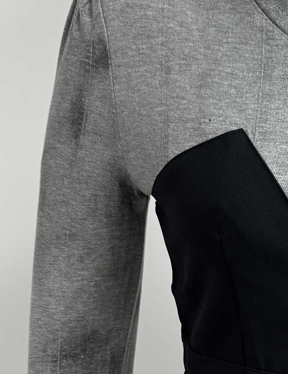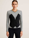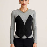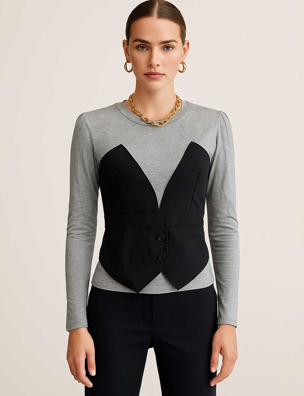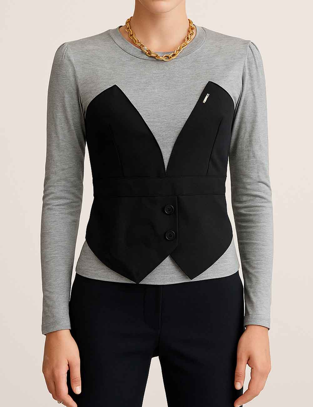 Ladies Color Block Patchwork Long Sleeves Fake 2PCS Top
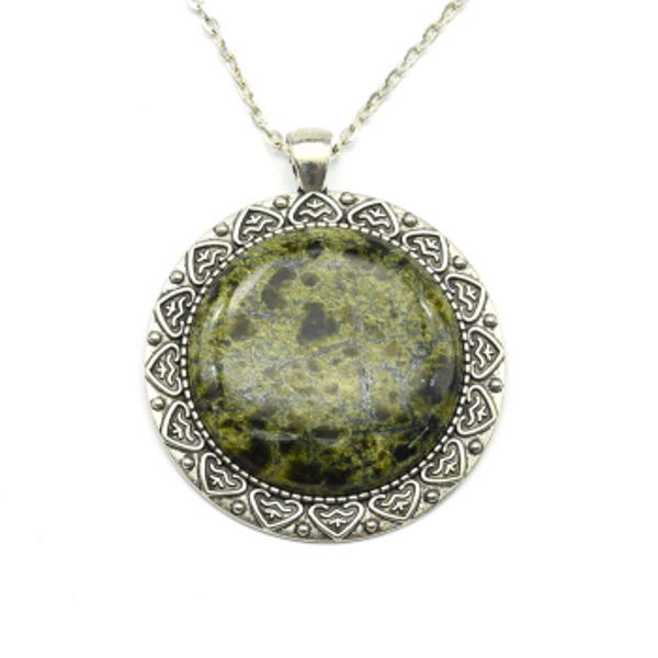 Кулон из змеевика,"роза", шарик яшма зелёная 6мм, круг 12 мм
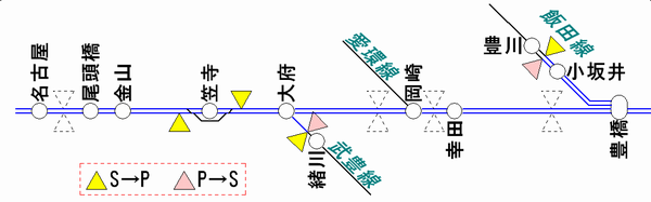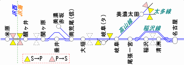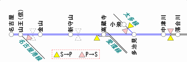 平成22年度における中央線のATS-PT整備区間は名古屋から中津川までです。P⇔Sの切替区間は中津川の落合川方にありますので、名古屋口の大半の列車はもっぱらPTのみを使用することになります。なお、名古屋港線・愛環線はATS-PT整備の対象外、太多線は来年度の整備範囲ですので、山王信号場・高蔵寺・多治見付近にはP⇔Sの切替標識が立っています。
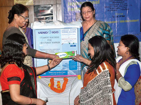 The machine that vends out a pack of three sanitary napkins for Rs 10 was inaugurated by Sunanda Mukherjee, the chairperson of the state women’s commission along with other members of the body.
==
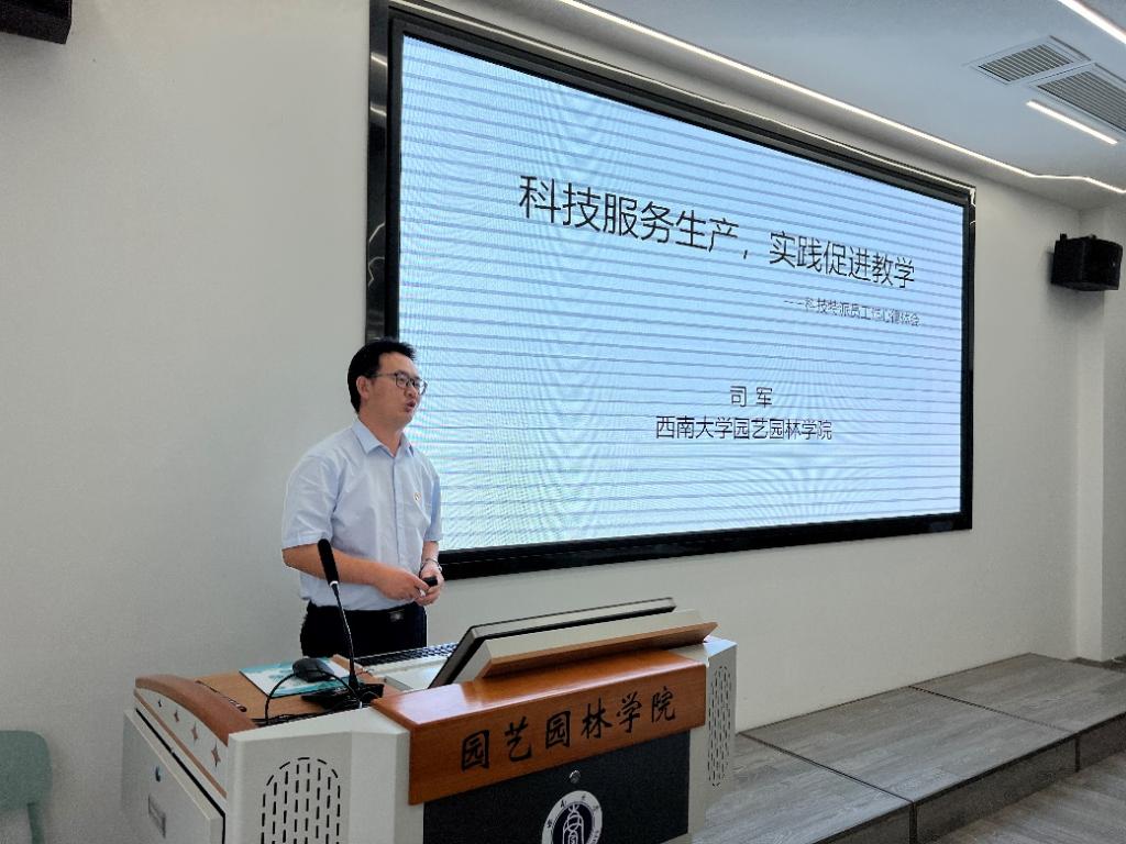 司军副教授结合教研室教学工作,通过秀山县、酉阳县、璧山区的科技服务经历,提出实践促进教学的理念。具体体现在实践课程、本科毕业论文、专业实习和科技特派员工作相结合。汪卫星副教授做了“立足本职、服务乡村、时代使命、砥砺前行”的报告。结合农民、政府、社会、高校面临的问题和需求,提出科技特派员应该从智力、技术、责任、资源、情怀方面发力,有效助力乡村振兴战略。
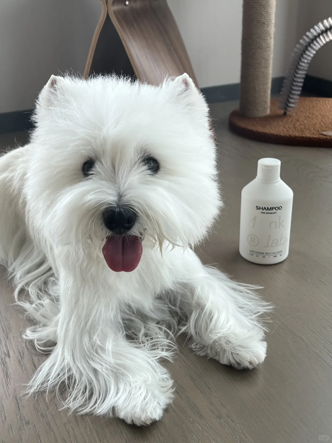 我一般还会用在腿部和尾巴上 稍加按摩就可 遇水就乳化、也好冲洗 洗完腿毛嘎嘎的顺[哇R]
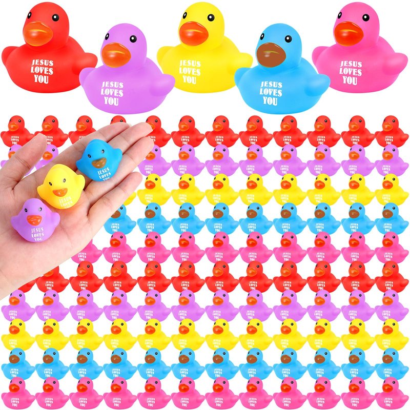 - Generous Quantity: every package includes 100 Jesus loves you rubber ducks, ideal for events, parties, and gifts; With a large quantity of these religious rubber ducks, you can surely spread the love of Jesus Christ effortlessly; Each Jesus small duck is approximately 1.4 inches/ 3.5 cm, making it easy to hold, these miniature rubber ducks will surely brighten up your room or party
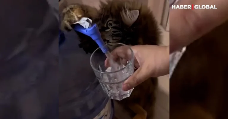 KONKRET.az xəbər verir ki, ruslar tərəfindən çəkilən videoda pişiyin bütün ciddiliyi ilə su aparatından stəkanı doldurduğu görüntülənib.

**Work to be completed**
Beginning at the line above that contains "Ladies Color Block" and going on through the line that contains "平成22年度における中央線の", please copy every line exactly, leaving the pictures out and adding nothing.

**Written solution**
 Ladies Color Block Patchwork Long Sleeves Fake 2PCS Top
 Кулон из змеевика,"роза", шарик яшма зелёная 6мм, круг 12 мм
 平成22年度における中央線のATS-PT整備区間は名古屋から中津川までです。P⇔Sの切替区間は中津川の落合川方にありますので、名古屋口の大半の列車はもっぱらPTのみを使用することになります。なお、名古屋港線・愛環線はATS-PT整備の対象外、太多線は来年度の整備範囲ですので、山王信号場・高蔵寺・多治見付近にはP⇔Sの切替標識が立っています。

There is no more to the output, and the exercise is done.